Integrins alpha1beta1 and alpha2beta1 are receptors for the rotavirus enterotoxin

Abstract

Rotavirus NSP4 is a viral enterotoxin capable of causing diarrhea in neonatal mice. This process is initiated by the binding of extracellular NSP4 to target molecule(s) on the cell surface that triggers a signaling cascade leading to diarrhea. We now report that the integrins alpha1beta1 and alpha2beta1 are receptors for NSP4. NSP4 specifically binds to the alpha1 and alpha2 I domains with apparent K(d) = 1-2.7 muM. Binding is mediated by the I domain metal ion-dependent adhesion site motif, requires Mg(2+) or Mn(2+), is abolished with EDTA, and an NSP4 point mutant, E(120)A, fails to bind alpha2 integrin I domain. NSP4 has two distinct integrin interaction domains. NSP4 amino acids 114-130 are essential for binding to the I domain, and NSP4 peptide 114-135 blocks binding of the natural ligand, collagen I, to integrin alpha2. NSP4 amino acids 131-140 are not associated with the initial binding to the I domain, but elicit signaling that leads to the spreading of attached C2C12-alpha2 cells, mouse myoblast cells stably expressing the human alpha2 integrin.

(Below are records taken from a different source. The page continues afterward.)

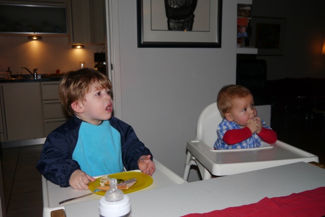 Dzjez wordt trouwens goed om de tuin geleid door papa. Dzjez wil worst, maar krijgt boerenkool op de lepel, afgedekt met een klein stukje worst…. En hij eet alles op! Goeie truc.
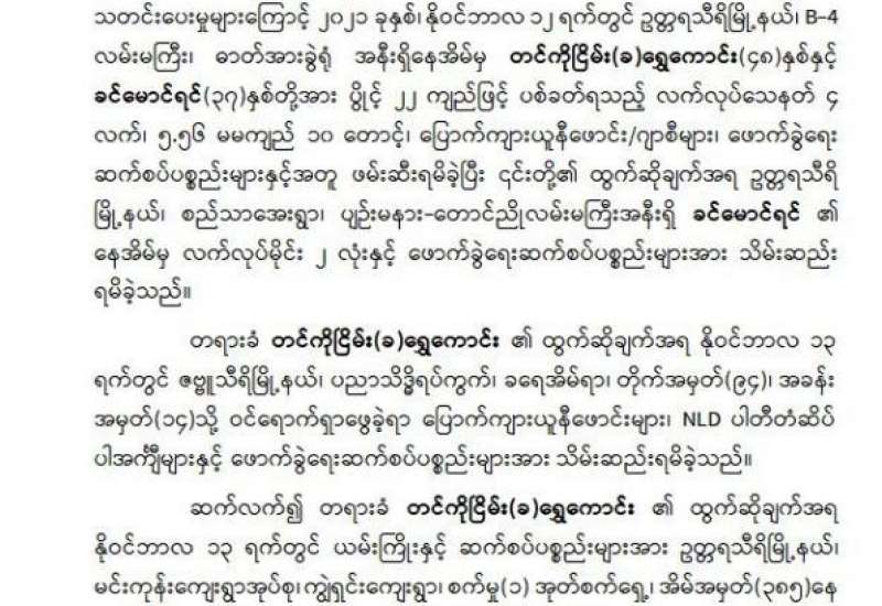 ၁။ ပြည်ထောင်စုရွေးကောက်ပွဲကော်မရှင်သည် ၂၀၂၀ ပြည့်နှစ် ပါတီစုံဒီမိုကရေစီ အထွေထွေရွေးကောက်ပွဲ မဲမသမာမှု တရားမဲ့ပြုကျင့်မှုများအပေါ် စုံစမ်းစစ်ဆေးတွေ့ရှိချက် အစီရင်ခံစာတွင်ပါရှိသော ရွေးကောက်ပွဲလုပ်ငန်းစဉ်များ၊ မဲမသမာမှုများနှင့် တရားမဲ့ပြုကျင့်မှု ဖြစ်စဉ်များတွင် ကျူးလွန် ပါဝင်ပတ်သက်ဆောင်ရွက်ခဲ့ကြသည့် နိုင်ငံတော်သမ္မတဟောင်း ဦးဝင်းမြင့်၊ နိုင်ငံတော်၏အတိုင်ပင်ခံပုဂ္ဂိုလ်ဟောင်း ဒေါ်အောင်ဆန်းစုကြည်၊
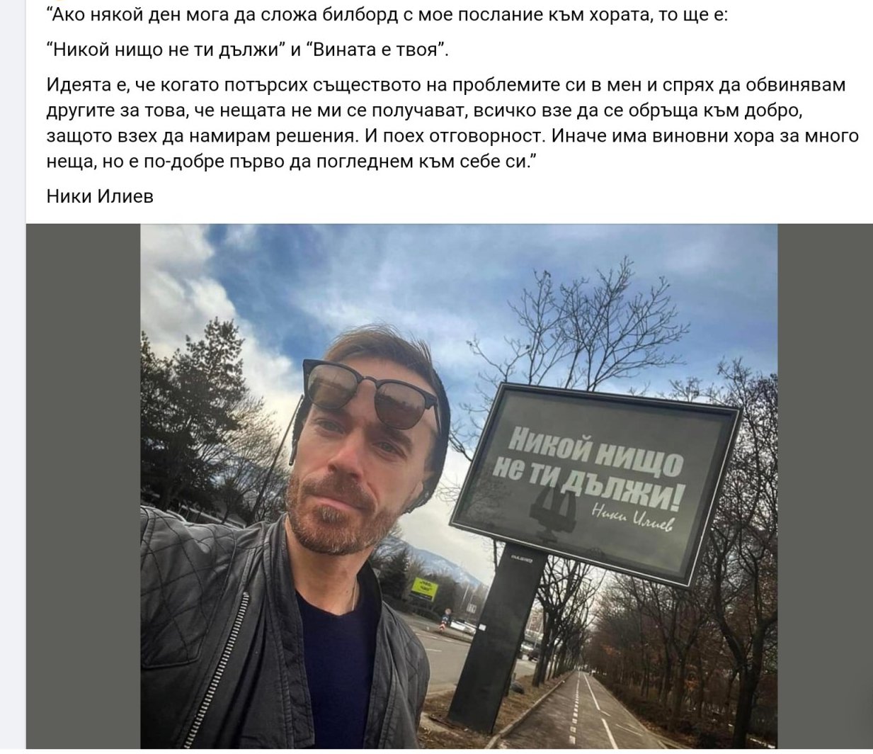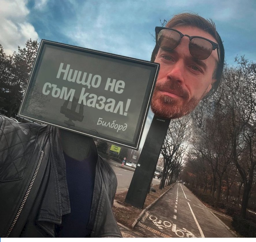 Нашляпал е разни билборди с тъпи цитати из Софията и се снима пред тях. Предполагам е част от пр кампанията за новия му филм.
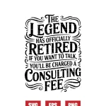 Looking for the perfect the Legend Has Officially Retired (if You Want to Talk You’ll Be Charged a Consulting Fee) Svg for your next crafting project? You’ve come to the right place! Whether you’re making custom t-shirts, mugs, tote bags, stickers, wall vinyl, or digital invitations – this design is ready to bring your ideas to life. Our files are compatible with popular software like Adobe Illustrator, Cricut Design Space, and Silhouette Studio.

NSP4 colocalizes with integrin alpha2 on the basolateral surface of rotavirus-infected polarized intestinal epithelial (Caco-2) cells as well as surrounding noninfected cells. NSP4 mutants that fail to bind or signal through integrin alpha2 were attenuated in diarrhea induction in neonatal mice. These results indicate that NSP4 interaction with integrin alpha1 and alpha2 is an important component of enterotoxin function and rotavirus pathogenesis, further distinguishing this viral virulence factor from other microbial enterotoxins.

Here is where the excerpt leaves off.